Terry takes Alice's smalls off the line.
Just a short story to create a giggle or two.
The rain was coming on and I ran out on my zimmer to get my clothes in. I was putting the peg basket away when I noticed that Alice the widow woman next door to me had some out too, so I went across and took hers off the line too. She came out with her washing basket just as I was finished.
'Thank you Terry. You are so good to me.'
'There you are love, when was the last time a guy handled your knickers?'
'You know, Terry! I forget! Not since my Bert was alive, that's for sure. Give you a thrill, did it?'
'Get away with you, you would slap my face if I told you the truth!'
'Don't tell me you fancy an old bat like me?'
'What if I said, yes! You still have a nice ass and a marvellous pair of legs on you.'
'That's a blooming laugh! I have had that many operations, Darling, they maybe have sewn it up!'
'I could always check it out for you, Love.'
'All you want is one of them dirty white macks, because you are getting to be a dirty old man, Terry flipping what's-your-name!'
'You know you love me, really.'
'I know one thing. From now on I'm going to wash me knickers everyday and pray for rain!' She laughed and turned to go into her house. The rain got heavier so I put my zimmer into second gear and zoomed back into my own place.
Later, I sat by my fire and thought back to my Jenny. Been dead five years, now she has. God bless her soul. She was a virgin when I married her. Broke her in on the first night of our honeymoon at Great Yarmouth. The Landlady gave us fits, she did. Jenny was a screamer, every time I made her cum, she would yell out like one of them there banshee things. She was a squirter too. Had to fork out more money to the Landlady to keep us in clean sheets. The Landlady was mortified!

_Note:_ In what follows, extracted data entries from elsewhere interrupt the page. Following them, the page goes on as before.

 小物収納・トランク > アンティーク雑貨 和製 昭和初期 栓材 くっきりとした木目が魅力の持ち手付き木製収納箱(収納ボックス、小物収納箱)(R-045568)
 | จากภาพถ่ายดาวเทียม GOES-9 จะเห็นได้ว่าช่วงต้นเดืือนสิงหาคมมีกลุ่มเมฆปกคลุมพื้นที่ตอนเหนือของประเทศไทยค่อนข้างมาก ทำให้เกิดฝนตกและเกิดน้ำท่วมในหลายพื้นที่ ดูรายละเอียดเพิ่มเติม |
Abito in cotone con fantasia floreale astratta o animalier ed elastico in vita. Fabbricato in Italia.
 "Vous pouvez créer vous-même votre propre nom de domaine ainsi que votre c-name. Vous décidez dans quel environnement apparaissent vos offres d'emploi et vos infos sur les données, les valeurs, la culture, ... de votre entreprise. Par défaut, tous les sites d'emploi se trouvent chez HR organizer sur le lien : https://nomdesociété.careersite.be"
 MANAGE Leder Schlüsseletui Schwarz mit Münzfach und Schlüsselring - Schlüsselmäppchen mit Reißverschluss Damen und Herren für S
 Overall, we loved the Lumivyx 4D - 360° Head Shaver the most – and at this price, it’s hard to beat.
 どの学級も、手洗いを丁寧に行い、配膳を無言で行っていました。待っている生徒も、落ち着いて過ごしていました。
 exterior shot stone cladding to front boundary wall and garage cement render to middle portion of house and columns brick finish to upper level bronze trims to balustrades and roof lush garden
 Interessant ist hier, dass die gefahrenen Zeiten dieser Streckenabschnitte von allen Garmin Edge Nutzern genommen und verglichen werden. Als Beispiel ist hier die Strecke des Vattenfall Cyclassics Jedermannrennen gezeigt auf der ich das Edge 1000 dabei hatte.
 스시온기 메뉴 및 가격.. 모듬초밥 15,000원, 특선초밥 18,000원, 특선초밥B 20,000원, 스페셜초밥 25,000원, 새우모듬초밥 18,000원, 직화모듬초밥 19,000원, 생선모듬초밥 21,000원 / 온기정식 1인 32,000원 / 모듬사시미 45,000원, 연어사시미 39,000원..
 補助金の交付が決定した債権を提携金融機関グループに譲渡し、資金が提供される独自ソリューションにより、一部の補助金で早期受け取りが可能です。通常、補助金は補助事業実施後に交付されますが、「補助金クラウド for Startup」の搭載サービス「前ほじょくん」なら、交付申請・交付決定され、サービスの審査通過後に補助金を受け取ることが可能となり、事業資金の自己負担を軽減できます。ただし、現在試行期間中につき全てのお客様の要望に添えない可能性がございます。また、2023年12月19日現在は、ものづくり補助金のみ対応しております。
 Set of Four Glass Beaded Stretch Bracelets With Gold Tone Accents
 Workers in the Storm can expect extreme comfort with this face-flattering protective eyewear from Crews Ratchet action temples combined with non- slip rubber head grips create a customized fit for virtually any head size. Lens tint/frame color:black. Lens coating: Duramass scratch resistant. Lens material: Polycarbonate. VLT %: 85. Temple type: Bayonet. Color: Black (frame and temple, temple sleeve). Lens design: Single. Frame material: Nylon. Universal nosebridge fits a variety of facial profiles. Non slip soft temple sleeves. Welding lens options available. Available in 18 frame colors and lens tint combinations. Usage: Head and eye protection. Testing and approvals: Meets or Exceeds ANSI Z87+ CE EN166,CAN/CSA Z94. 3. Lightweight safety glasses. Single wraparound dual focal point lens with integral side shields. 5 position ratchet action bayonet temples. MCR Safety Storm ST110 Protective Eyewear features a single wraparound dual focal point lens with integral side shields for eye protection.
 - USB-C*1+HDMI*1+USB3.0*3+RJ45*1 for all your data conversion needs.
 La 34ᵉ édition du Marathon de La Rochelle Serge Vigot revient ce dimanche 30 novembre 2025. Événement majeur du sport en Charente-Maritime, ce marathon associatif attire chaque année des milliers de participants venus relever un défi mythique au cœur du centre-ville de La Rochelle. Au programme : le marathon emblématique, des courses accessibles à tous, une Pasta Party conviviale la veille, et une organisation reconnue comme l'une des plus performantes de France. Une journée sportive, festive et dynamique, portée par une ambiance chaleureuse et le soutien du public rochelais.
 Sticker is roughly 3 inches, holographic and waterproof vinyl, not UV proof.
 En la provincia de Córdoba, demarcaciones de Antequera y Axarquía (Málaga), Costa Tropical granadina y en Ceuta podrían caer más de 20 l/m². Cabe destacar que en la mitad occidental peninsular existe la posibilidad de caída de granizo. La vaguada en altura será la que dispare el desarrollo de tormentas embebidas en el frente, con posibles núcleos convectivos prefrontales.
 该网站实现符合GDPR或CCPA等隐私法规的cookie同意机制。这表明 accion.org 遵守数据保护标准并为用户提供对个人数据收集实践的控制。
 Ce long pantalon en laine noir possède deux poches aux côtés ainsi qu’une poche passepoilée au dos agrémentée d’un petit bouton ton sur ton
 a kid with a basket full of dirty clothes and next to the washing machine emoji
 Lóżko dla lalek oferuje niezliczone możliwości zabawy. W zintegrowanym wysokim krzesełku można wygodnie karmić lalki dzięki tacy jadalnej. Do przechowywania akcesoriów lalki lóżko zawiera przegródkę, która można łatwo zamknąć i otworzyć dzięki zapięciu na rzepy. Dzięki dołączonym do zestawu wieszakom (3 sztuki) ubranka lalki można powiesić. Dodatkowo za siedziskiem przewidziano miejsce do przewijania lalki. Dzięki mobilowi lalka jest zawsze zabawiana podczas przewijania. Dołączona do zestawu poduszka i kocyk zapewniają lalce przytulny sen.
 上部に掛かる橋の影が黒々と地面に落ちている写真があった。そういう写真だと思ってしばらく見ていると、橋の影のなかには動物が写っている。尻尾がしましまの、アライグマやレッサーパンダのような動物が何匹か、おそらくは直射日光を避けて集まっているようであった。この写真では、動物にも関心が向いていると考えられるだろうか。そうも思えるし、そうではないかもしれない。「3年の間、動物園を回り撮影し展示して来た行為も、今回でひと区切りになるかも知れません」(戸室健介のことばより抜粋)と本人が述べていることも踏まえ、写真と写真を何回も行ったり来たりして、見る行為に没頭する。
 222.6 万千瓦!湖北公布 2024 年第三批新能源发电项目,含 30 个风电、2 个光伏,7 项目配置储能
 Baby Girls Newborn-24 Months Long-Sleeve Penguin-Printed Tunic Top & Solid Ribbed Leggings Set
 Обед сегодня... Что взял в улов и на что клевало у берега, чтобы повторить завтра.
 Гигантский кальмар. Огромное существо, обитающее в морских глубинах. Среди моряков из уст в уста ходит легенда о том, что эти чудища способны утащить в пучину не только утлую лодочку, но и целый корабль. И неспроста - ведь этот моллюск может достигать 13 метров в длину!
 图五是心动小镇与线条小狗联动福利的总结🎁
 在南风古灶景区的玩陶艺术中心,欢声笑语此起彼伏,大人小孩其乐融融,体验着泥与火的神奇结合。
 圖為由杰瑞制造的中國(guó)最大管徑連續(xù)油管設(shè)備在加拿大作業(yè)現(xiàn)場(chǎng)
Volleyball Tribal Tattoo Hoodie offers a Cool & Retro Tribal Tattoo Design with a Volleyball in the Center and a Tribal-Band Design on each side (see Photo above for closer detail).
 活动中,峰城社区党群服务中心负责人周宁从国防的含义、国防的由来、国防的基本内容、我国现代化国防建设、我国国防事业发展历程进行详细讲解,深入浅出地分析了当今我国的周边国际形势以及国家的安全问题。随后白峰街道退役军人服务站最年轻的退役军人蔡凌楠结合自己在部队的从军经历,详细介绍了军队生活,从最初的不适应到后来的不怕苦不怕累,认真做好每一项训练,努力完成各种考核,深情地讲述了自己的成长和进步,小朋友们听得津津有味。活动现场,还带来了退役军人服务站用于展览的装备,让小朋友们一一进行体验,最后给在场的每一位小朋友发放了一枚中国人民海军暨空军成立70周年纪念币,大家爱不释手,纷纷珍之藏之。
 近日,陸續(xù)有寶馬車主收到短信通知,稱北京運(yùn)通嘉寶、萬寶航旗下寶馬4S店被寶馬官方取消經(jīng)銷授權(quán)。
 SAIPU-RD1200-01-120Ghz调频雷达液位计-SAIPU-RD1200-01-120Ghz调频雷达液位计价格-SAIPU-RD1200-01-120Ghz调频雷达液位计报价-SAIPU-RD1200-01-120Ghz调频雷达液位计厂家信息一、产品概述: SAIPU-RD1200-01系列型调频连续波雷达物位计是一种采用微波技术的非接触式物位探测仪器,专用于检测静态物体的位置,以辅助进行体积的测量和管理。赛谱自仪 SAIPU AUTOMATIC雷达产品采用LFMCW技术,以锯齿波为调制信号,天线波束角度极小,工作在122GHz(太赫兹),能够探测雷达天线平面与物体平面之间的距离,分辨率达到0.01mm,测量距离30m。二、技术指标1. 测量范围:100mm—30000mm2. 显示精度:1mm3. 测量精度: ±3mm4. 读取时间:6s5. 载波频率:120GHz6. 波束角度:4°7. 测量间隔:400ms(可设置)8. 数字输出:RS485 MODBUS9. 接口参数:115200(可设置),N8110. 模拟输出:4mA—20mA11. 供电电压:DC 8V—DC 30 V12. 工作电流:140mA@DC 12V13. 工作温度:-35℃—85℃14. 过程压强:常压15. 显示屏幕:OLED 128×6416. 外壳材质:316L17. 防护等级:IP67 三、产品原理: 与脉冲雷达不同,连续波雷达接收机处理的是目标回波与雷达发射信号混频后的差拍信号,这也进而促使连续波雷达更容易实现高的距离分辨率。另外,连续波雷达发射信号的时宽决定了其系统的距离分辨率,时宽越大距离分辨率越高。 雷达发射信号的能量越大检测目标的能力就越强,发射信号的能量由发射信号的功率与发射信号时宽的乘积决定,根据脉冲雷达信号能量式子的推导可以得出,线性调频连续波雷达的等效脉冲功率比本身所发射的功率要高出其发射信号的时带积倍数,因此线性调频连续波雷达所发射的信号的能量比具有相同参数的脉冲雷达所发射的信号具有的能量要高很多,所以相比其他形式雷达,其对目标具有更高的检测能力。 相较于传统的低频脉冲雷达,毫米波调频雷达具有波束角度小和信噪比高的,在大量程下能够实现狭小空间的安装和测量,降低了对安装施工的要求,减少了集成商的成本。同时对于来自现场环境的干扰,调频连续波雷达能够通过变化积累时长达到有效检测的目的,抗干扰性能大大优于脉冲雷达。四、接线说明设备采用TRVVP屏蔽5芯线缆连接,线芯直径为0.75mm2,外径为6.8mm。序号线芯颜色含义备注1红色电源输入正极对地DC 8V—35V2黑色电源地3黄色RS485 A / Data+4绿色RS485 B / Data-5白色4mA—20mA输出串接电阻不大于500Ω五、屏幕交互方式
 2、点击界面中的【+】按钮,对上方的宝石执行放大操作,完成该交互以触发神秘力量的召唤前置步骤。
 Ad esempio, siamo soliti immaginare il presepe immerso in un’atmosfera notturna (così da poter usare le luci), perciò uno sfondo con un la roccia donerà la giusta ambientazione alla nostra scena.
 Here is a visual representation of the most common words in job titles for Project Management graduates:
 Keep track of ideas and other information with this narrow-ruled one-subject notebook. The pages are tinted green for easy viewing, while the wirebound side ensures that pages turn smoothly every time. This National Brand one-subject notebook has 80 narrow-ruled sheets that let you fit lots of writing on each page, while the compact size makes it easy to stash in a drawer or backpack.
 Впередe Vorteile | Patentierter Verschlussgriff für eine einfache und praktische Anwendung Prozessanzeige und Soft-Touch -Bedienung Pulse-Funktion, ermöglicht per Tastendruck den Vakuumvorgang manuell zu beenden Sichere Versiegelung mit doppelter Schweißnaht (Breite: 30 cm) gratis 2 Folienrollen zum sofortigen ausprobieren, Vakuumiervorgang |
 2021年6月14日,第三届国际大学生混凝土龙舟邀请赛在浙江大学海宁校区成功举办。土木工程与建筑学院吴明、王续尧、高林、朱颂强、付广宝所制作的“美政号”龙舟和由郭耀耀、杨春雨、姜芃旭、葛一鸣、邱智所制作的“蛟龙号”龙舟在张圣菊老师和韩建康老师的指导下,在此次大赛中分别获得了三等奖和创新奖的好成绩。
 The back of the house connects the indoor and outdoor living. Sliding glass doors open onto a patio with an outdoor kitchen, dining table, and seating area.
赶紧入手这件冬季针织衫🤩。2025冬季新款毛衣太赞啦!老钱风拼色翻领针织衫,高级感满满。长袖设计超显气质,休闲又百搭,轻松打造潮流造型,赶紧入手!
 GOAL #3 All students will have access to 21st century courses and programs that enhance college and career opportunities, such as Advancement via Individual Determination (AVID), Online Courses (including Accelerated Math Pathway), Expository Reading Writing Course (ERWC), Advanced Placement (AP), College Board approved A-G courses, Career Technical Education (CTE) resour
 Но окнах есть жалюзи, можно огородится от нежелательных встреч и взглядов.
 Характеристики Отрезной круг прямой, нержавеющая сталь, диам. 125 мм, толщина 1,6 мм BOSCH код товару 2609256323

Jen liked reading sexy books and magazines. If it had sex in it, Jen would read it. I didn't grumble about it, because of her reading and her wanting to try out all the things she read about, well, I had great fun, didn't I? Guess we taught ourselves the Kama Sutra, what ever you call it? I don't know. Knowing Jen she could have wrote a better book than that one, in the Queen's English too. I reckon me and my Jen put the word porn into pornography, no kidding, we must have done, you know? Over the years, we did!
Then there was the day when we were up the Flea Market, she lamps this book and barters with the guy for it. She got it for 50 pence. It was full of the dirtiest pictures I had ever seen! Guys fucking women up their asses and guys fucking other guys up you know where. Cock sucking galore being done by guys and gals and guys with other guys. It was wicked!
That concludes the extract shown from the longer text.